6 Effective Parenting Strategies For Discipline From Psychologist Erica Reischer
Parenting, much like love, is a battlefield. And as any good general knows, the key to triumph over your enemy is having a good battle plan (or a bunch of highly trained ninjas who can do cool flips). Clinical psychologist Erica Reischer has pored over tons of parenting books and scientific studies about raising kids, and distilled it down for your TL;DR pleasure. In What Great Parents Do: 75 Simple Strategies for Raising Kids Who Thrive, she lays out an exhaustive list of both common sense and under-the-radar ideas. But, because no parent actually has time for that, she just went back through them and gave up her 6 key takeaways.
How To Understand Their Behavior
Kids are always doing social experiments, and you are their unwilling test subject. “Parents see their children doing something unacceptable like pulling out someone’s hair, and say, ‘They’re always testing me.’” According to Reischer, the reason you think that is because it’s true. Unfortunately, this is how they find out how the world works. If you picture them wearing a little white lab coat you’re more likely to respond in a constructive way, she says. Ugh, they blinded you with science!
How To Avoid Arguments With Them
Practice saying “yes” in a way that gets you where you want to be. As in, “Yes, we can go to the park …. right after you finish your snack and clean your room.”
“Using this phrasing gives kids less to push against,” says Reischer. Bear in mind that you’re not changing your standards, because the answer to, “Can I eat a tub of Cool Whip for breakfast?” is “Yes, when you’re old enough to live in your own apartment with your own kitchen and buy your own Cool Whip.”

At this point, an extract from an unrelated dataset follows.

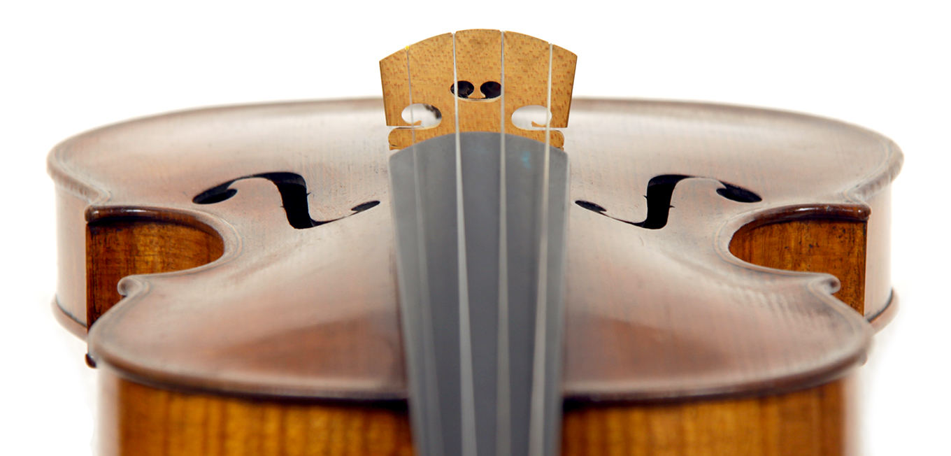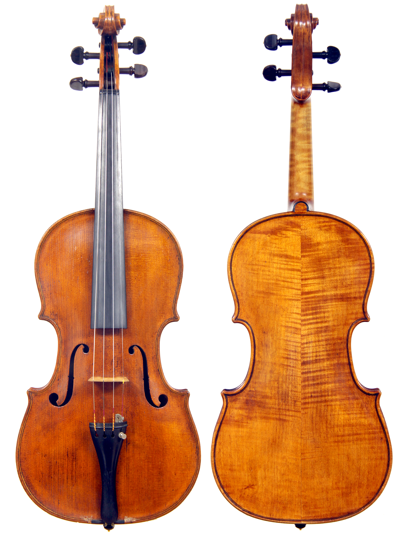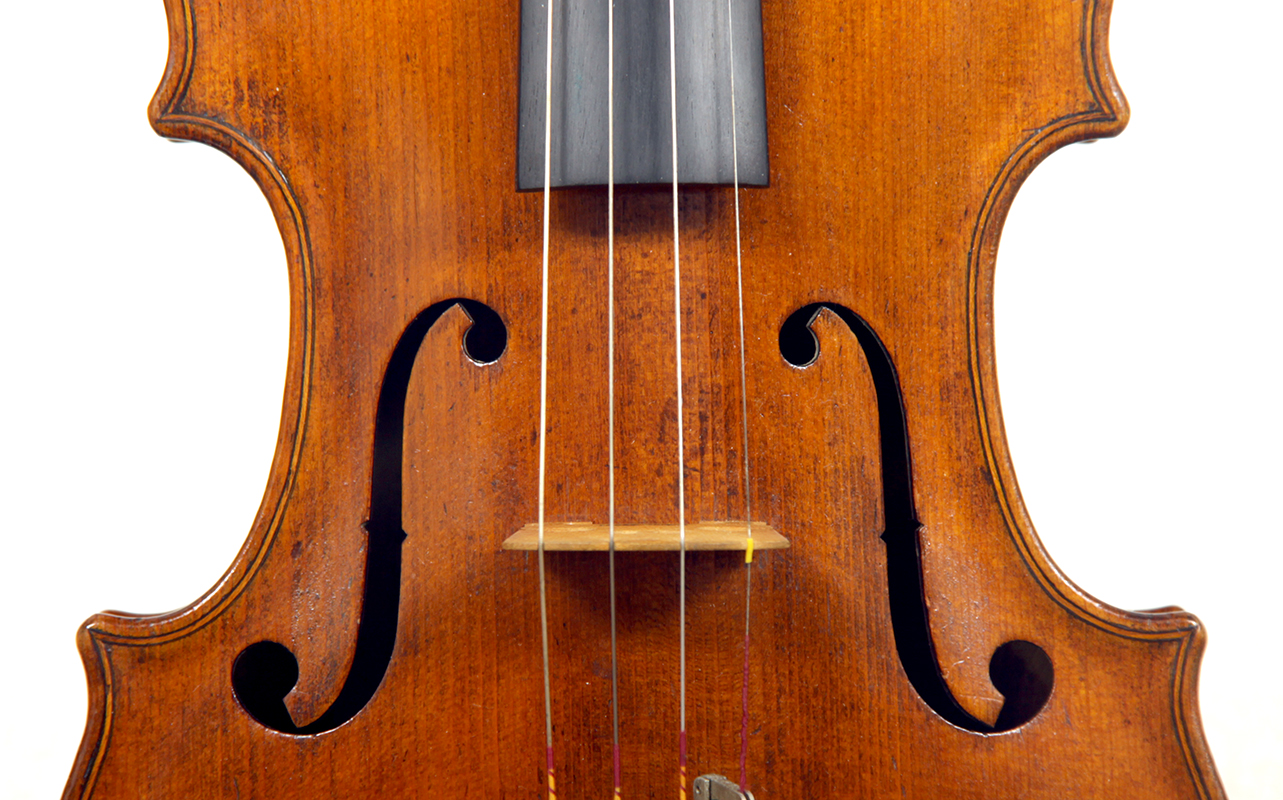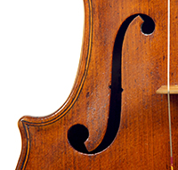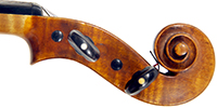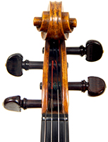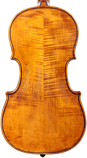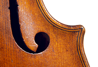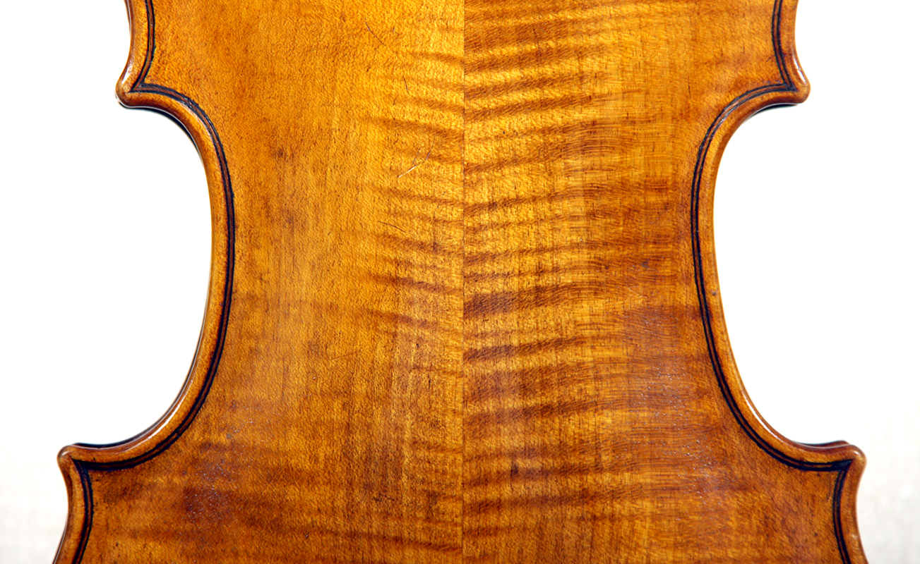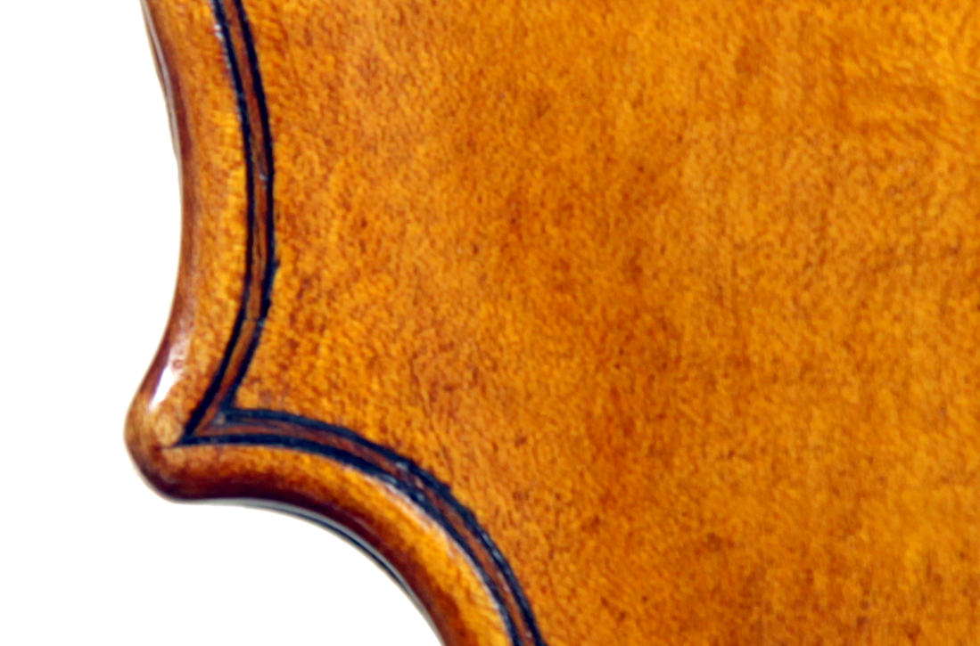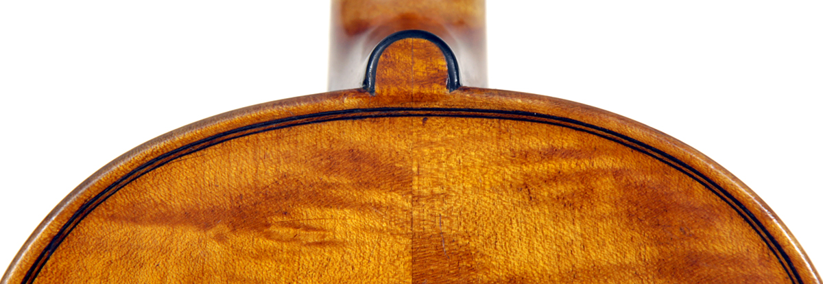 This violin throughout shows a steady hand with attention to detail in all respects. The choice of materials is good; the two-piece back, ribs and scroll are of good mildly flamed maple with a narrow to medium curl. The neck appears to be later. The top is of good tone spruce and the purfling is tidy throughout. The golden-brown varnish is appealing to the eye.

How To Argue With Them (If They Insist)
Instead of telling your kid that they’re annoying you — which would makes anyone defensive — tell them that you are annoyed. It’s a subtle difference, but they can’t argue with your feelings. You’re not assigning blame; you’re communicating. “Avoid toxic phrases where shame or blame or fear are used to change your child’s behavior,” says Reischer. “It’s better to focus on your own feelings.” Of course, she didn’t say anything about blaming your own parents.
How To Keep Them From Saying “Please!” 1,001 Times
Pull a lever on a slot machine 1,000 times and you’ll be broke. Pull it once more and you might get rich. If you’re not always consistent with your rules, Reischer says, your kids will view you as a slot machine and view their own reserve of “coins” (they’re ability to ask for something 1,001 times) pretty much bottomless.

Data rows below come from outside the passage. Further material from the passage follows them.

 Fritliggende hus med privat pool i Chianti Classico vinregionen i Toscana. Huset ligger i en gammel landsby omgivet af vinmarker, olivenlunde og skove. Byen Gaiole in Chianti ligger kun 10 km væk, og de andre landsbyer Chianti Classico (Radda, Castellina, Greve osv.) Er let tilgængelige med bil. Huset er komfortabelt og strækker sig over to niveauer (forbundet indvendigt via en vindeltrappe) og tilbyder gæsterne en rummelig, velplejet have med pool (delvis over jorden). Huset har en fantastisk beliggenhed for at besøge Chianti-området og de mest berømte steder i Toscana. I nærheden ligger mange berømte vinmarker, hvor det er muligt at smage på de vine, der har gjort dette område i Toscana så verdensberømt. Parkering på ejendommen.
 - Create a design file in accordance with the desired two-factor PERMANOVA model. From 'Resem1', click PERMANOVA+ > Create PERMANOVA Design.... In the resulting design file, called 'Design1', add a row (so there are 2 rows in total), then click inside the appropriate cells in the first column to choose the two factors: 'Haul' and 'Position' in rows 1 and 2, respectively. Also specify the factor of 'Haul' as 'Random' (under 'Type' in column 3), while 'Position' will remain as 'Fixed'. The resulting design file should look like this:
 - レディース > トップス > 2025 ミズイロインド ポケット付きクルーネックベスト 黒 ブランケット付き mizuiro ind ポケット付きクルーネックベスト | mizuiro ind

So, no matter how close you are to your wit’s end, maintain your commitments — as long as you’re being fair and reasonable. If your rule is that they must clean up their room before they can go outside, you wait until that last toy go into the bin. Then give them a flashlight because it’s 3 AM. (That’s reasonable, right?)
How To Keep Them From Whining
You know that you have the power to stop their whining by giving them what they want. They know if they whine they get what they want. “In your head, divide this into two categories: Goals and Methods,” she says. Tell your kid you understand that they want a glass of milk (the goal), but let them know they’re not going to get it by whining (the method). For little kids, propose an alternate, whine-free method. Like bringing you a glass of wine first.
How To Avoid The ‘I Want Mom!’ Bedtime
Especially when kids are little, they may want a few more cuddles with their mother at bedtime. You get to be persona non grata — which loosely translates to “guy who isn’t mom.”
“It can be hurtful when they want Mommy to do something, but try not to take it personally,” says Reischer. If you start to maintain a schedule for nights that you’re on bedtime duty, and make it an expected part of the weekly routine, it’s usually not a point of contention, she says. Tada. Now you’re persona non nada!